··· SOURCE INFORMATION ···

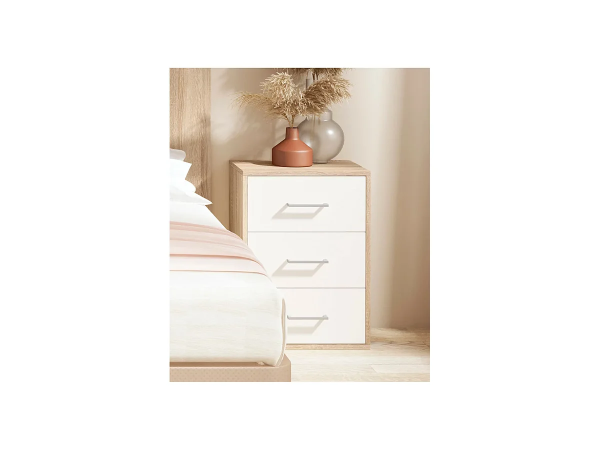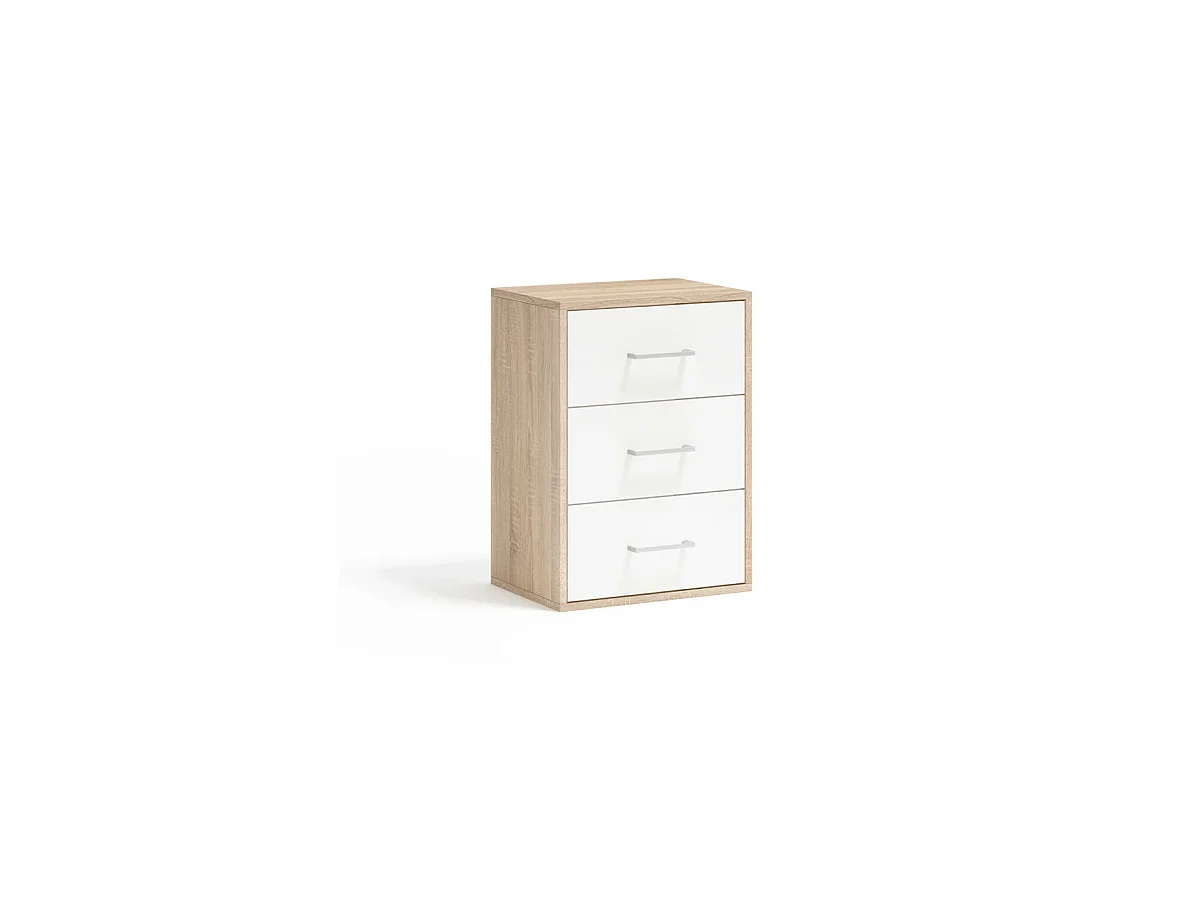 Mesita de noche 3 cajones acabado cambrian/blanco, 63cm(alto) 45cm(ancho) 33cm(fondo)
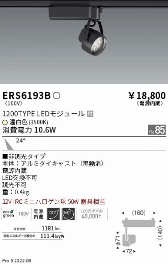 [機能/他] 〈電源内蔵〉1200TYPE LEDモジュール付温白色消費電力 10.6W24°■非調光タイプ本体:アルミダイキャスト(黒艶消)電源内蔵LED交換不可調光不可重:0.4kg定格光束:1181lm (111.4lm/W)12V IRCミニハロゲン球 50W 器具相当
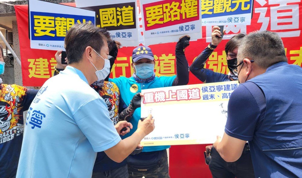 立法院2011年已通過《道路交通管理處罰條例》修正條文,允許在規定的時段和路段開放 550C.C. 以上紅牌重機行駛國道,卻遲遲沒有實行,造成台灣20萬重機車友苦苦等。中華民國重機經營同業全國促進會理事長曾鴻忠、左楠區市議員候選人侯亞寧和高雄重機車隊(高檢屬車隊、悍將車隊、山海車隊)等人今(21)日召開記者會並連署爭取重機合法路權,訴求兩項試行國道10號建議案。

···
··· SOURCE INFORMATION ···

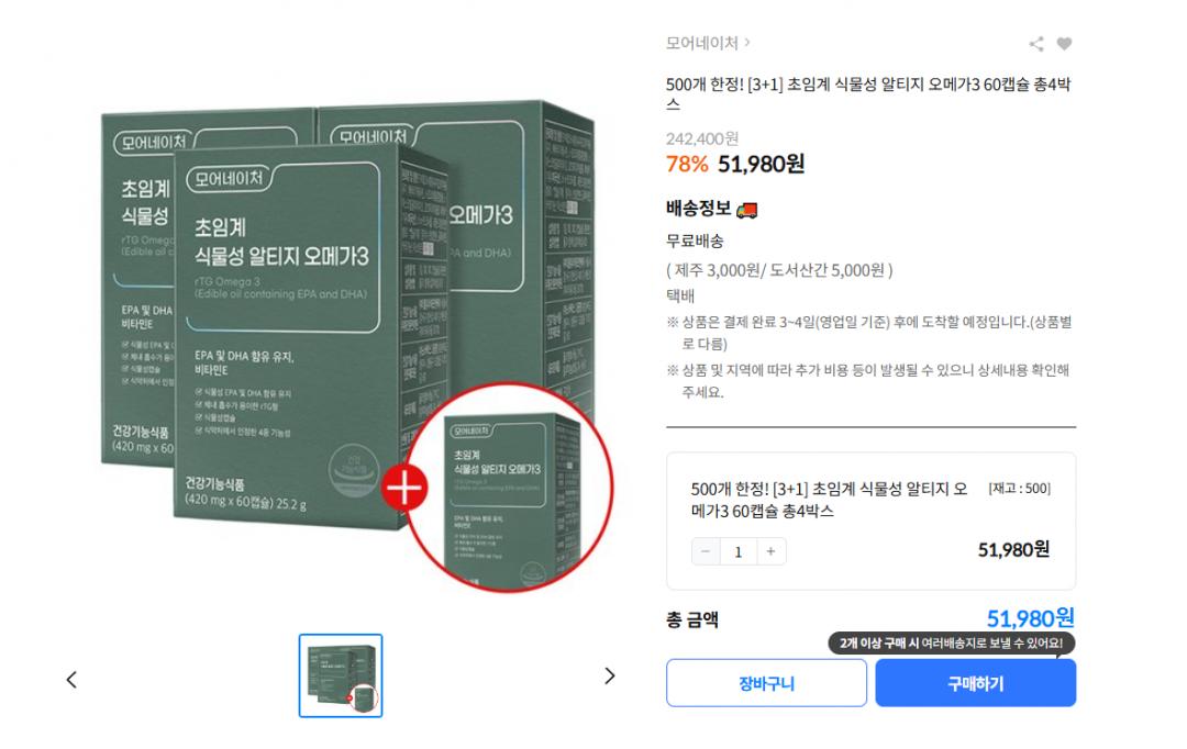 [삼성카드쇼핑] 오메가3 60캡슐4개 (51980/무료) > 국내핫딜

···

WHAT THIS TASK INVOLVES:
Pictures aside, print exactly the lines above starting with the one containing "Mesita de noche" and going on through the one containing "[機能/他] 〈電源内蔵〉1200TYPE LEDモジュール付温白色消費電力".

SOLUTION TO THIS EXERCISE:
 Mesita de noche 3 cajones acabado cambrian/blanco, 63cm(alto) 45cm(ancho) 33cm(fondo)
 [機能/他] 〈電源内蔵〉1200TYPE LEDモジュール付温白色消費電力 10.6W24°■非調光タイプ本体:アルミダイキャスト(黒艶消)電源内蔵LED交換不可調光不可重:0.4kg定格光束:1181lm (111.4lm/W)12V IRCミニハロゲン球 50W 器具相当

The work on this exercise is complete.